Кэти подходит к зеркалу и смотрит. В сущности, ей все равно. Это всего лишь тряпка, которую ей нужно показать в наиболее выгодном свете. Ничего так, но слишком блестяще, на ее вкус. Словно дизайнер за фальшивыми стразами пытается скрыть свою бездарность.
— Ну, как вам?
— Ничего. — Кэти делает два необходимых оборота перед зеркалом. — На талии бы еще чуть плотнее сделала, чтобы ткань облегала, как вторая кожа. — Костюмерша кивает и снова хватается за булавки.
Послевоенная Британия сходит с ума. Какофония звуков сбивает с ног. Гриффиндорцам-победителям можно все. И первое время Кэти радуется. После первого отказа она отходит быстро. Второй удивляет, но ненадолго. Третий обескураживает и заставляет немного задуматься. Собственно, а что изменилось-то? Все те же ханжество, уныние и горечь в ее, Кэти, жизни. После следующего раза она напивается. Презрительное «Ты же девушка, рожать надо, а не верхом на метле рассекать» бьет по больному. Она так часто слышит это от родителей, что впору вешаться. Чертовы консерваторы, сволочи! Кэти до сих пор помнит горечь огневиски во рту и похотливый взгляд одного забулдыги. Он подходит к ней и предлагает провести ночь, а она плюет ему в лицо. Кэти Белл не продается. Она еще покажет всем этим гребаным шовинистам.— Нравится? — холодный равнодушный голос выдергивает из воспоминаний.
— Что именно? — Кэти не двигается, иначе снова схлопочет иголкой куда-нибудь.
— Это платье. — Она кривится. Очередной чудо-мальчик, превозносящий свое эго.
— Мне платят не за это.
— Верно, — он подходит к ней со спины. Кэти это ненавидит, потому что сейчас совершенно беспомощна. — Но вы же не откажете мне в такой малости. Ваше мнение весьма ценно.
— Вы же не пытаетесь меня соблазнить. — Он ухмыляется, и по шее скользит теплое дыхание.
— Увы, нет, — обходит ее и встает напротив. Кэти знакомо его лицо, но она не может вспомнить наверняка, где они виделись. Оглядывает его с головы до ног. Симпатичный.
— Согласна, увы. — Наверное, странно не знать дизайнера, коллекцию которого будешь демонстрировать на очередном показе. После пары лет работы она перестает считать и запоминать имена.

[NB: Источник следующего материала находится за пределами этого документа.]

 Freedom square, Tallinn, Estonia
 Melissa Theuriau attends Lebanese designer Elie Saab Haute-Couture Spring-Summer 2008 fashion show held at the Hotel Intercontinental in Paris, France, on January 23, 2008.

Большинство из них однодневки, максимум на пару коллекций хватает. В магическом мире мода не получает того размаха, что в маггловском. Здесь есть мадам Малкин и все остальное. Даже почти грустно.
— Так что скажете? — он складывает руки на груди. Неужели и правда интересно?

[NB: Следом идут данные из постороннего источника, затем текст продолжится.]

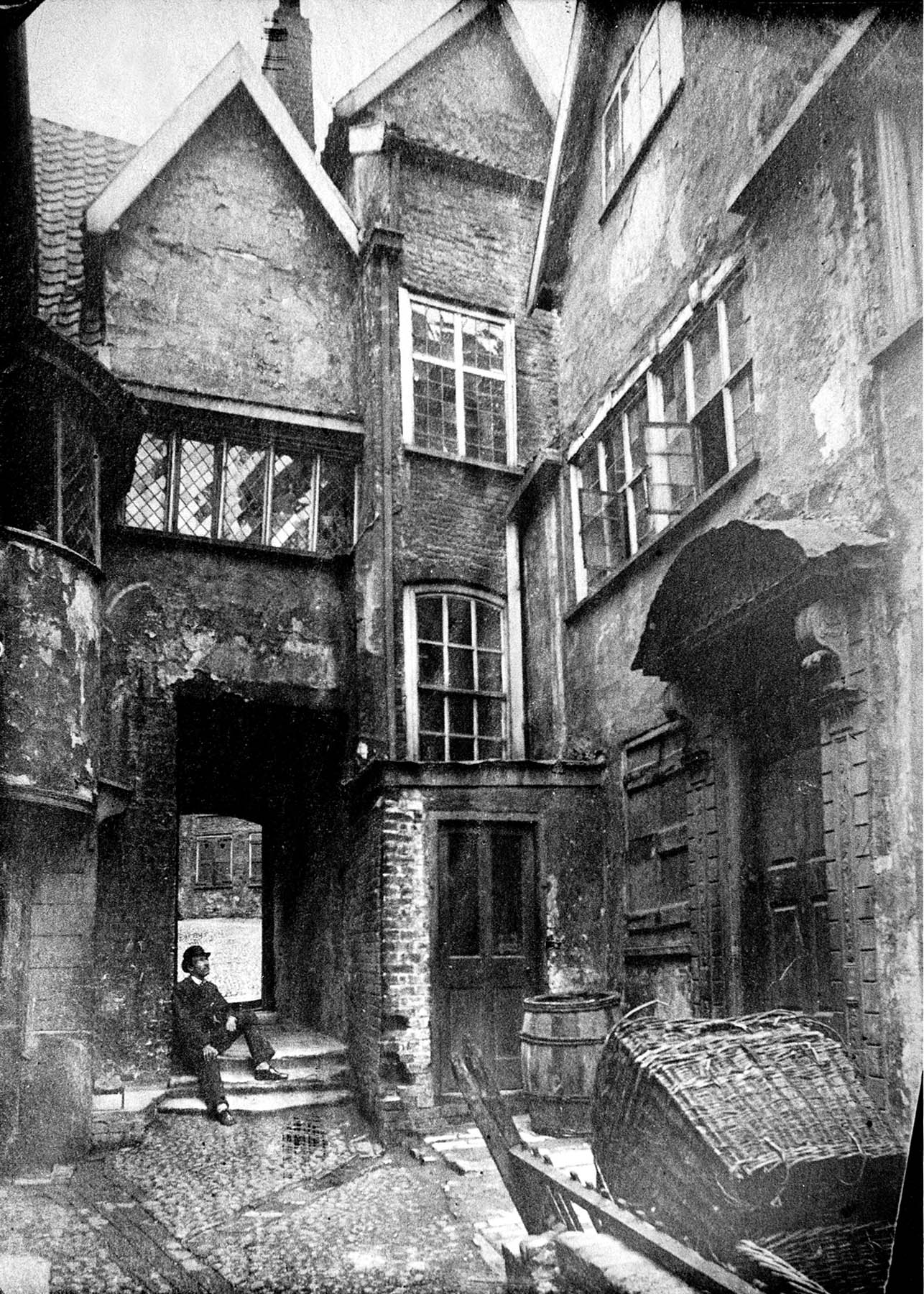 A Norwich yard in 1909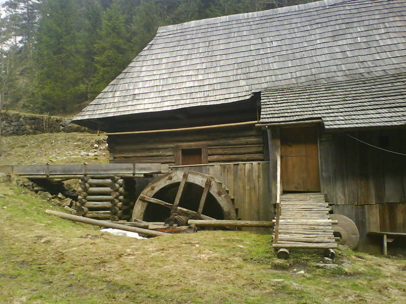 Kvacianska vallery - Mills Oblazy

— Зависит от того, что вы хотите услышать.
— Правду. — Кэти выгибает бровь. Парень не меняет позы и ждет. Что ж, желание дизайнера...
— Слишком кричащее, и не в самом хорошем смысле.
Он скользит по ней взглядом. То ли оценивая, то ли раздевая.
— Вы правы, — отвечает после краткого молчания. — Уберем из показа. — Костюмерша ойкает, а Кэти улыбается. Глоток свежего воздуха в застоявшемся болоте. — Блейз Забини, — он протягивает руку. Так вот кто ты, удовлетворенно думает Кэти. Слизеринец, учившийся на год младше.
— Кэти Белл. — Скрыть заинтересованность во взгляде не получается, да она особо и не пытается.
— Нэнси, принеси «Алый закат». — Так значит, Нэнси.
Через пару минут она появляется с атласным красным платьем в руках. Ткань струится между пальцами, завораживает, ослепляет.
— Думаю, оно вам понравится. — Он дьявольски очаровательно улыбается и уходит, засунув руки в карманы.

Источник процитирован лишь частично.